Two ways to authenticate:
  • OAuth (interactive). webhook.co is a standard OAuth resource server. For most clients, adding the server URL triggers a browser sign-in on first connect — no key to paste. This is the recommended path for GUI clients (Claude Desktop, ChatGPT, Cursor one-click).
  • whk_ bearer token. Send Authorization: Bearer whk_your_key_here. Best for header-based and headless clients (Claude Code, Codex, CI). Mint a key, store it in an environment variable, and never hardcode it.
New here?

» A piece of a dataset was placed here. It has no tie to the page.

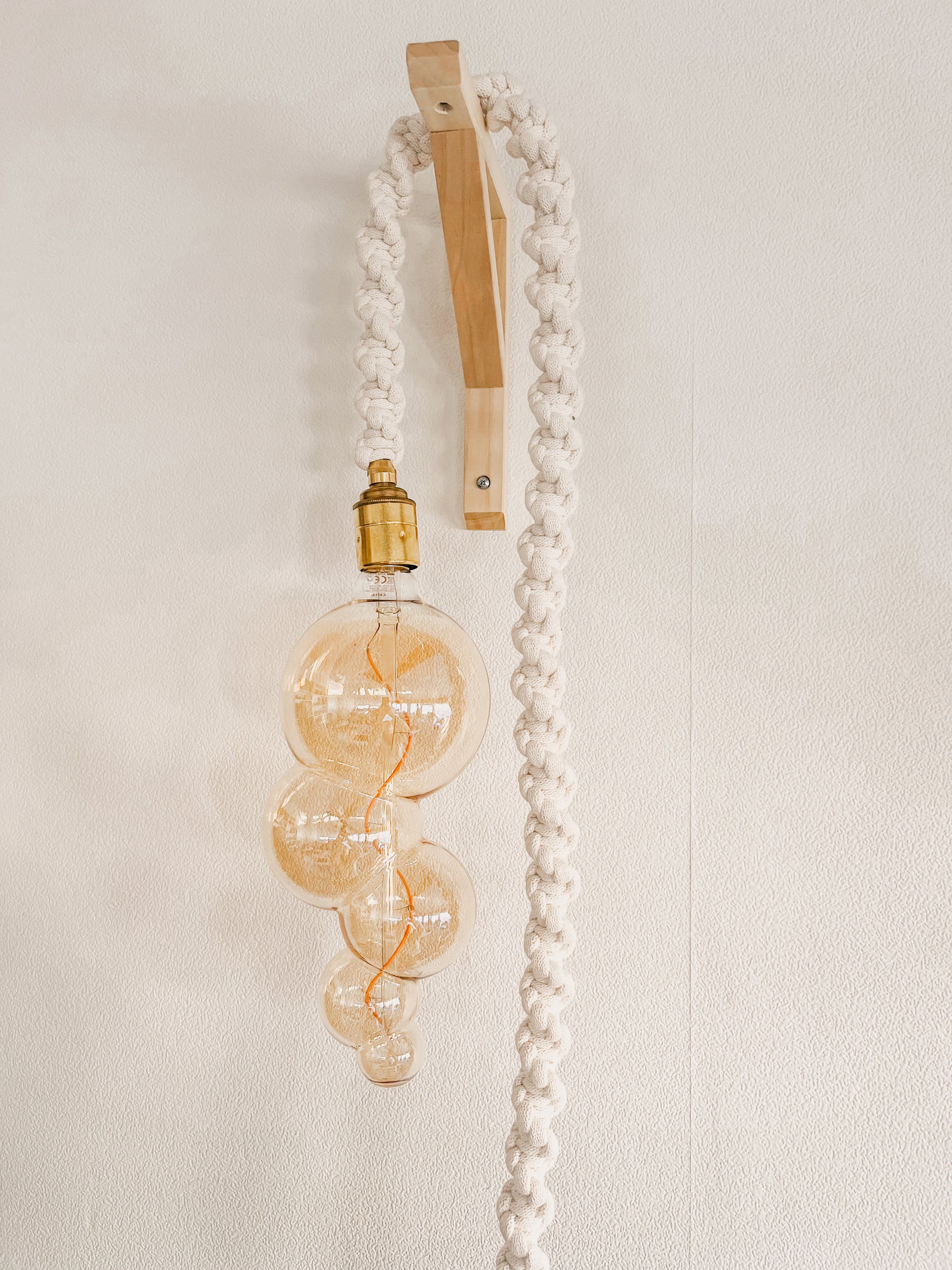 Really cool macrame rope light. Perfect to bring some boho vibes in your room. It's made of recycled cotton yarn. This macrame rope light is complete with a very unique bobble light and wooden wall hook. It's my favourite rope light with a beautiful brass fitting and eco-friendly rope in the colour natural white.

Mint an API key and browse the full tool catalog — including triggers.wait, the webhook-to-agent trigger.

Supported clients

Jump to your client: Throughout, replace whk_your_key_here with your own key, and prefer the environment-variable form (WEBHOOK_API_KEY) over a literal.

Claude Code

Claude Code speaks streamable HTTP natively — no bridge needed.
1

Add the server

With a bearer token:
claude mcp add --transport http webhook https://mcp.webhook.co/mcp \
  --header "Authorization: Bearer whk_your_key_here"
Or omit --header to use OAuth — you’ll authenticate on first use:
claude mcp add --transport http webhook https://mcp.webhook.co/mcp
2

Choose a scope (optional)

Add -s local (default, this machine only), -s project (shared via a checked-in .mcp.json), or -s user (all your projects):
claude mcp add --transport http webhook https://mcp.webhook.co/mcp -s user \
  --header "Authorization: Bearer whk_your_key_here"
3

Sign in (OAuth only)

If you added the server without a header, authenticate:
claude mcp login webhook
You can also run /mcp inside Claude Code and follow the auth prompt.
4

Verify

claude mcp list
Or run /mcp in a session — webhook should report connected.
For a project-shared config, commit a .mcp.json that reads the key from the environment:
.mcp.json
{
  "mcpServers": {
    "webhook": {
      "type": "http",
      "url": "https://mcp.webhook.co/mcp",
      "headers": {
        "Authorization": "Bearer ${WEBHOOK_API_KEY}"
      }
    }
  }
}
Set WEBHOOK_API_KEY in your shell so the literal key never lands in the repo.

Claude Desktop

Claude Desktop connects from Anthropic’s cloud, so the server must be publicly reachable — https://mcp.webhook.co/mcp is. The Connectors UI uses OAuth; for a header-based token you edit the config file and use the mcp-remote bridge.
1

Open Connectors

Settings → Connectors → Add custom connector.
2

Paste the server URL

Enter https://mcp.webhook.co/mcp and click Add.
3

Authenticate

Complete the OAuth sign-in when prompted. The Free plan allows one custom connector; Pro, Max, Team, and Enterprise allow more.

ChatGPT

ChatGPT connects from OpenAI’s cloud (Developer mode / custom connectors, on paid plans), so the endpoint must be public — https://mcp.webhook.co/mcp is. A raw bearer header isn’t a first-class field here, so OAuth is the path.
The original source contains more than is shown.